## [What you are asked to do]
An exact retyping of all lines below is the answer; pictures do not belong in it.

## [The data]
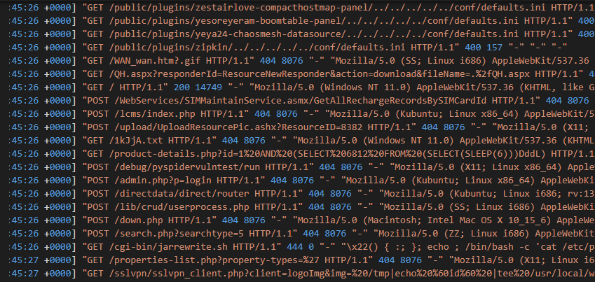 GET /public/plugins/grafana-clock-panel/../../../../../conf/defaults.ini這個請求明確針對 Grafana 平台,嘗試利用插件路徑進行路徑遍歷,讀取 Grafana 的預設設定檔。
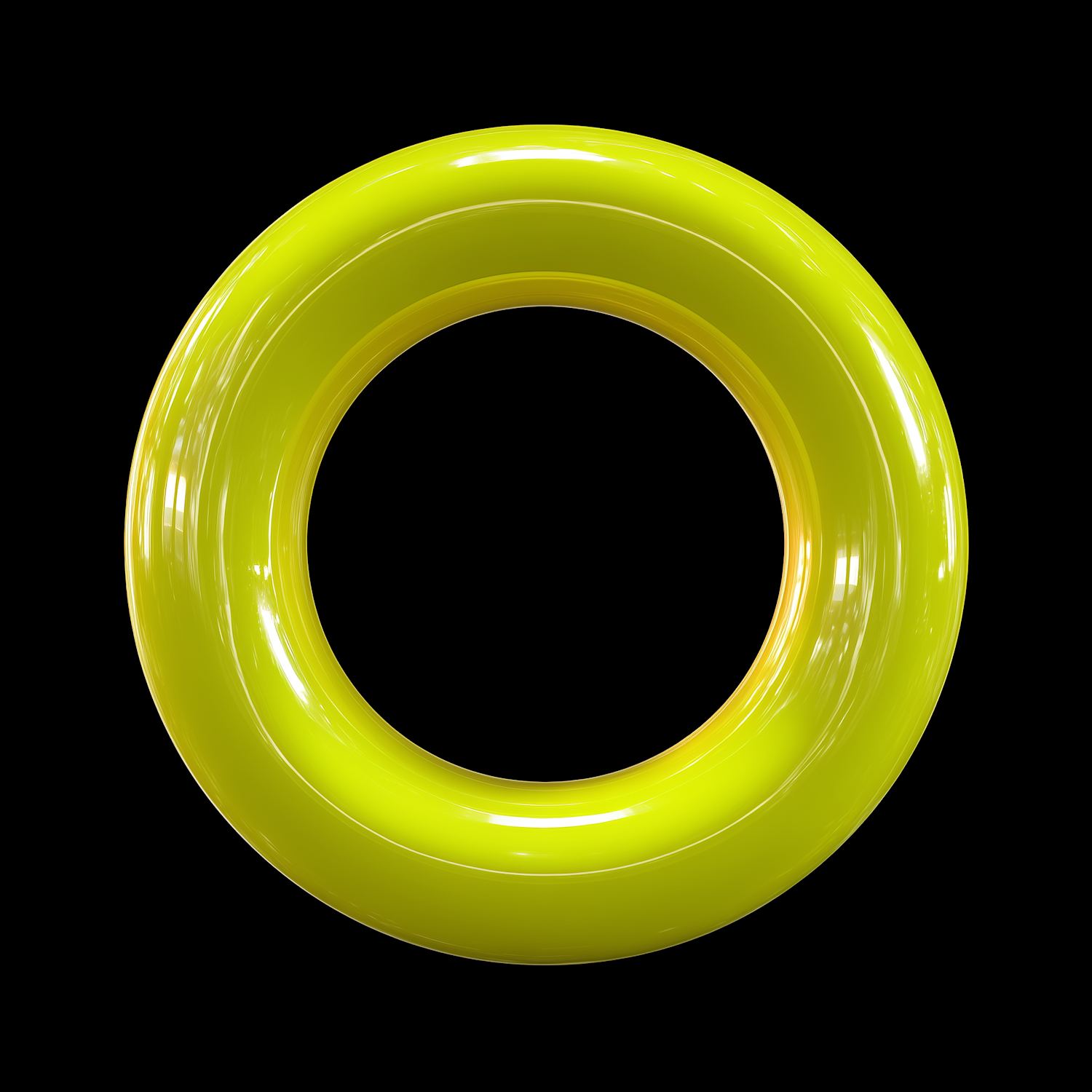 A glossy yellow torus on a black background, showcasing a sleek and modern design with reflective highlights.
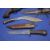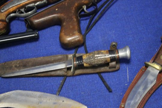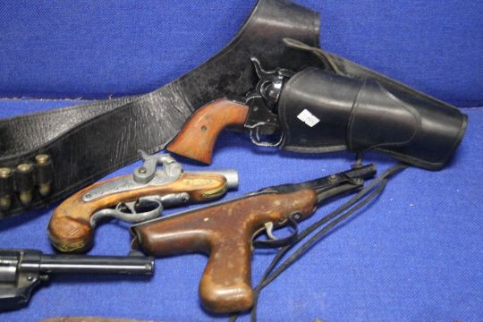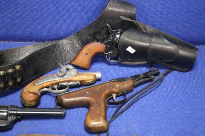 A BOX OF IMITATION/REPRODUCTION PISTOLS TOGETHER WITH A BOWIE KNIFE, A KUKRI KNIFE ETC

## [Solution to the problem]
 GET /public/plugins/grafana-clock-panel/../../../../../conf/defaults.ini這個請求明確針對 Grafana 平台,嘗試利用插件路徑進行路徑遍歷,讀取 Grafana 的預設設定檔。
 A glossy yellow torus on a black background, showcasing a sleek and modern design with reflective highlights.
 A BOX OF IMITATION/REPRODUCTION PISTOLS TOGETHER WITH A BOWIE KNIFE, A KUKRI KNIFE ETC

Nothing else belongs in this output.